Вот я, стареющий мальчик, окруженный своими призраками, в погоне за ускользающим прошлым.
Отец умер летом. Матушка переместила его на второй этаж, чтобы не попадался на глаза жильцам, в комнату напротив детской, отделенную от меня лестничной площадкой. Я натыкался на него, когда больной высовывался, чтобы оставить чайный поднос за дверью, или шаркал в своих тапочках по коридору к уборной, и всегда отворачивался, чтобы не видеть его глаза, в которых горело стоическое терпение перед лицом крестных мук, точь-в-точь как у Христа-Спасителя, скорбно демонстрирующего свое пронзенное сердце на сверкающей серебром и ослепительно-розовым цветом картине, помещенной за вешалкой для шляп в холле. Я вижу своего папу, пепельно-серого, совсем потерявшегося в складках собственной пижамы, с неизменной, — как сейчас у меня, — трехдневной щетиной, тихонько крадущегося по оцепеневшим в недвижности лета комнатам, его сгорбленную фигуру, то беззвучно возникавшую среди теней, то окруженную слепящим солнцем, чтобы в конце концов бесследно раствориться, оставив после исчезновения что-то вроде призрачного сияния, сгустившийся в складку воздух и изогнувшийся вопросительным знаком сигаретный дымок.
День его смерти ознаменовался еще одним памятным событием — матушка ударила меня по лицу. Она оторвалась от плиты, быстро повернулась, словно приготовила для меня в протянутой руке что-то вкусное. Я до сих пор чувствую обжигающий хлесткий шлепок по челюсти. До этого она ни разу меня не била. А сейчас стукнула вовсе не по-родительски, а так, словно неожиданно дала выход злости во время ссоры с равным себе. Не помню, каким неудачным словом или делом мог ее спровоцировать. Потом глаза ее зажглись неистовой радостью, чуть ли не торжеством.
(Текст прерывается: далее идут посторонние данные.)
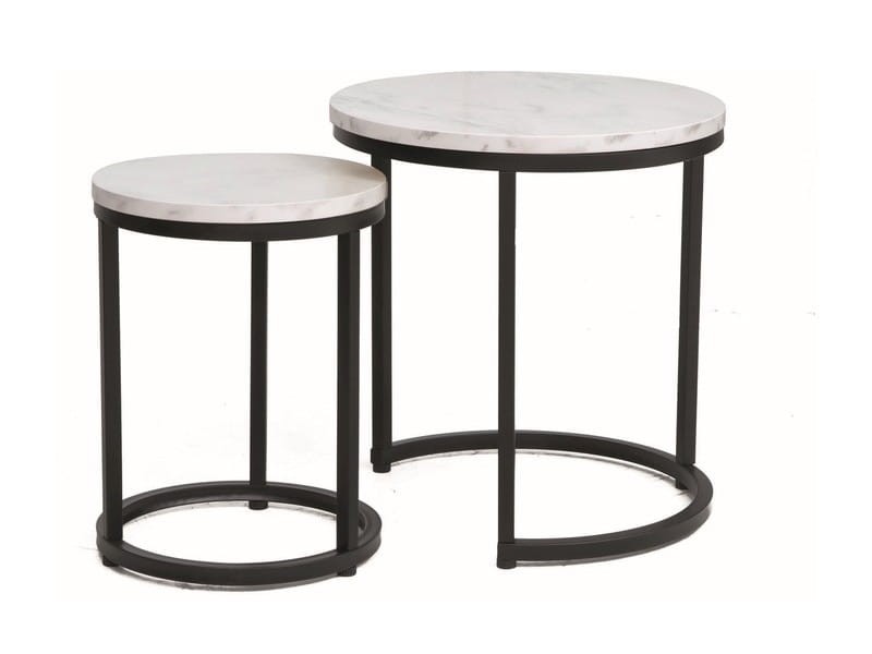 W prezentowanej wersji stelaż wykonany został z metalu pomalowanego na kolor czarny. Blat to wytrzymała płyta laminowana z efektem białego marmuru. Nowoczesna forma oraz duża funkcjonalność sprawia, że stoliki te świetnie sprawdzą się w twoim salonie.
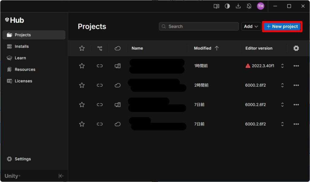 Unity Hub を開いて右上の「+ New project」を押します。
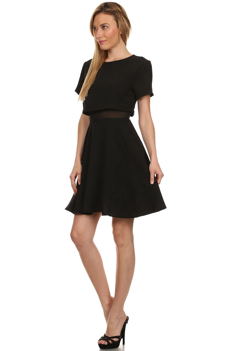 ON SALE! – Solid color, round neckline, short sleeve, mini dress in white with A line fit and mesh inset.
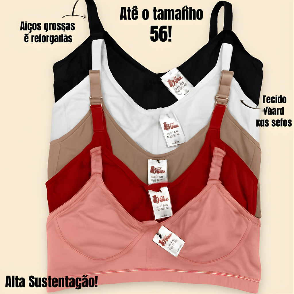 Somos a Bella Flor Oficial, conquistamos com o foco de levar beleza e conforto em nossos produtos, com qualidade e o melhor preço do mercado! Este é o nosso sutiã de alta sustentação plus size! Foi projetado para oferecer o máximo de conforto e suporte. Feito com tecido duplo nos seios, proporciona uma sustentação firme e eficaz, mantendo tudo no lugar ou no dia todo. As alçadas reforçadas são largas e convenientes, garantindo uma distribuição uniforme do peso e alívio da pressão nos ombros. Ideal para quem busca suporte extra sem comprometer o estilo e o conforto. CARACTERÍSTICAS: Tecido Duplo nos Seios: Proporciona maior firmeza e suporte, ideal para quem necessita de uma sustentação extra. Alças Reforçadas: Largas e luxuosas, oferecendo conforto adicional e aliviando a pressão nos ombros. Design Anatômico: Molda-se ao corpo, oferecendo suporte sem causar desconforto. Material Respirável: Feito de tecidos que permitem a ventilação, mantendo a pele seca e confortável. Disponibilidade de Tamanhos: Ampla gama de tamanhos para atender diferentes necessidades de corpos plus size. EXTREMAMENTE CONFORTÁVEL (Microfibra) PARA USO EM TODOS OS MOMENTOS! Referência de medidas: M - (48 - 50) 100 cm até 104cm G - (50 - 52) 105cm até 110cm GG - (52 - 54) 111cm até 116cm EG - (54 - 56) 117cm até 128cm COMPOSIÇÃO 83% Poliamida 17% Elastano
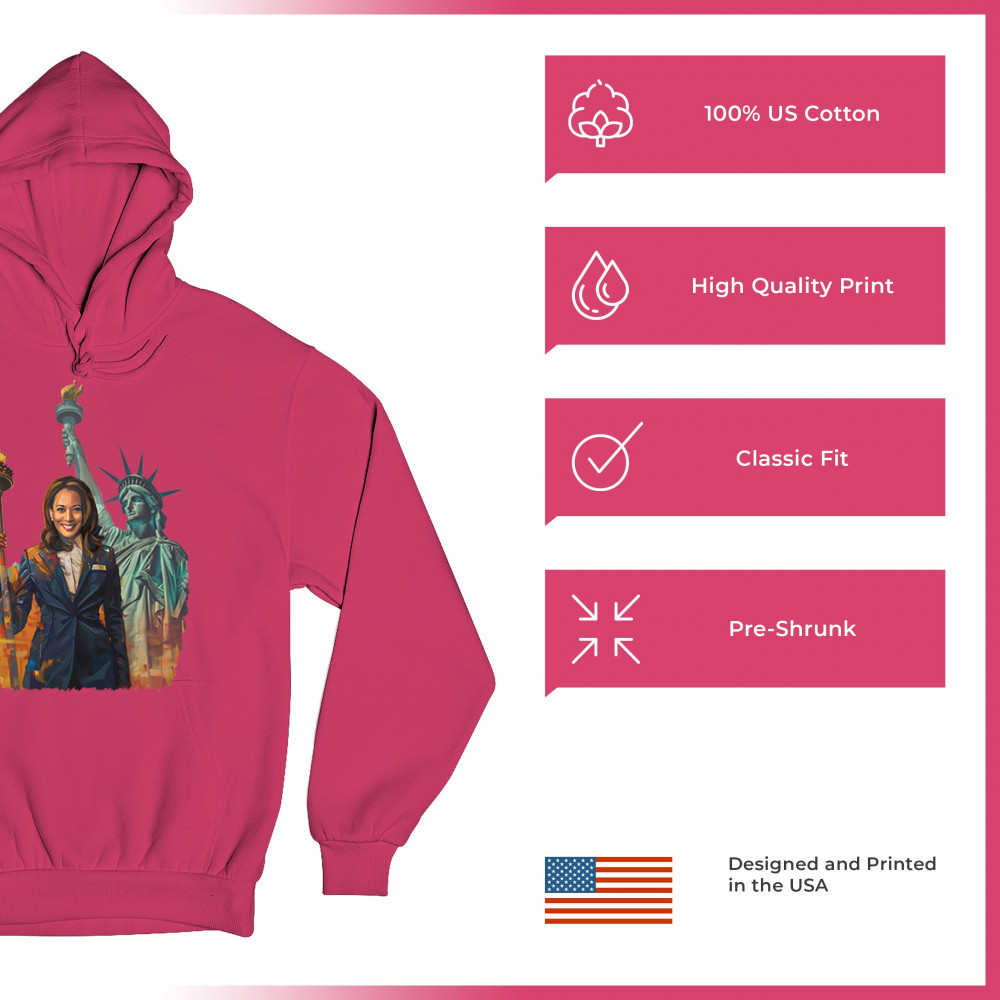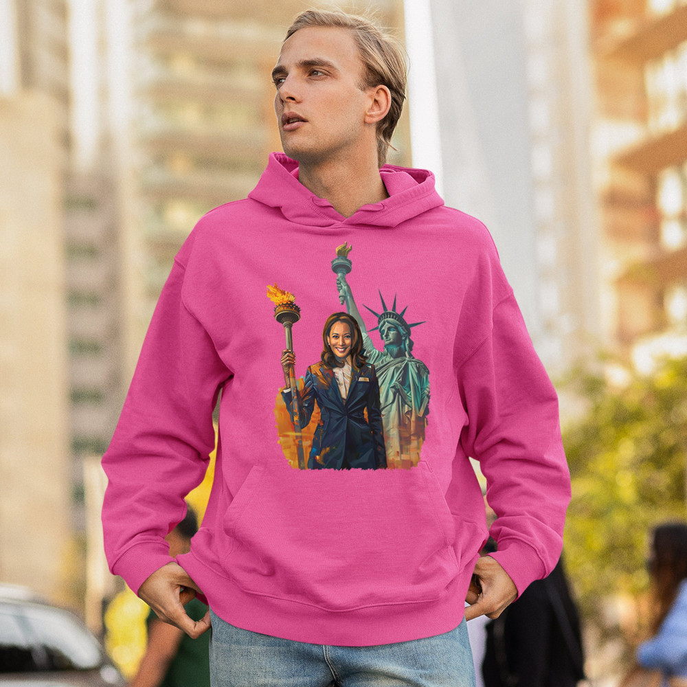 Show your support for Harris-Walz 2024 with this bold design featuring Kamala Harris and the Statue of Liberty. Stand for justice, equality, and a brighter future.
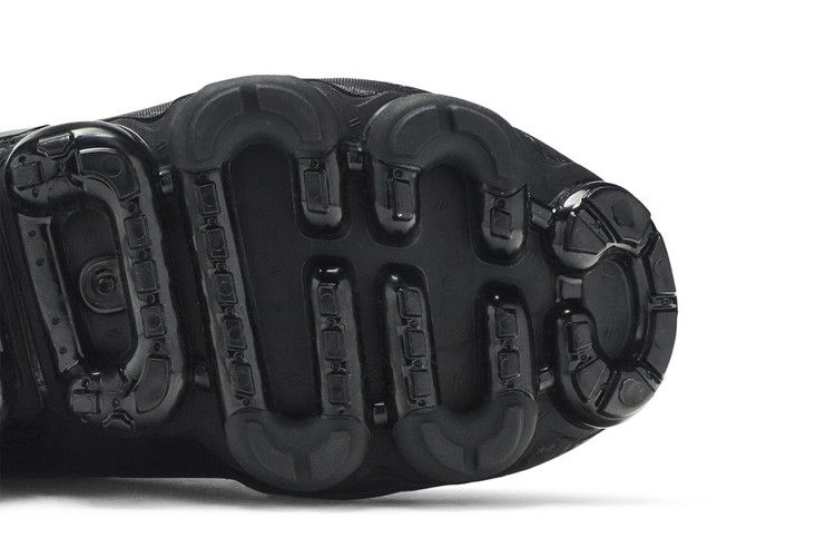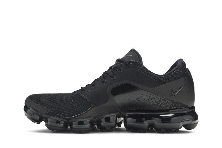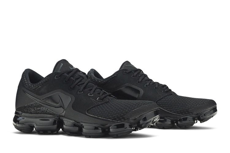 Отступая от традиционного дизайна VaporMax, Air VaporMax CS "Triple Black" отказались от привычного Flyknit в пользу комбинации сетки и кожаных панелей. На боковых панелях красуются полированные логотипы Nike и тональная графика, а амортизационный блок VaporMax остается верным оригиналу.

Ноздри возбужденно раздулись, она откинула голову, на мгновение превратившись в злую ведьму — мачеху Белоснежки, и взгляд ее блеснул чем-то сверкающе-быстрым и острым, как молча продемонстрированный и сразу же спрятанный нож. Потом, не сказав ни слова, она повернулась и продолжила что-то готовить на плите. Слишком потрясенный, чтобы плакать, я просто сел, прижав ладонь к столику, ощущая как крохотные иголочки впиваются в челюсть в том месте, куда пришелся удар, словно кожу покрывали мельчайшие капельки какой-то едкой кислоты. Клеенка под пальцами казалась восхитительно прохладной, гладкой, чуть влажной, почти как что-то живое, почти как кожа. Потом спустился отец, прижимая полотенце к обострившемуся, плохо выбритому подбородку. В многочисленных впадинах и провалах, обозначившихся на лице, прятались тени, на бледных щеках, словно нарисованные, выделялись лихорадочно-багровые пятна. Мать вела себя так, будто ничего не произошло, но папа сморщил нос, почуяв исходящий от нее гнев, и, чуть улыбаясь, как-то странно, искоса, едва ли не лукаво посмотрел на меня. Поздно ночью меня разбудил приглушенный шум. Подошел к двери, выглянул наружу и увидел мать в ночной рубахе с голубой миской в руках, спешащую по коридору; сквозь открытую дверь комнаты отца доносились тонкие свистящие звуки — это он боролся за каждый вдох, — и я поспешно захлопнул дверь, лег в постель, а когда проснулся, настало утро, и я понял, что отца уже нет.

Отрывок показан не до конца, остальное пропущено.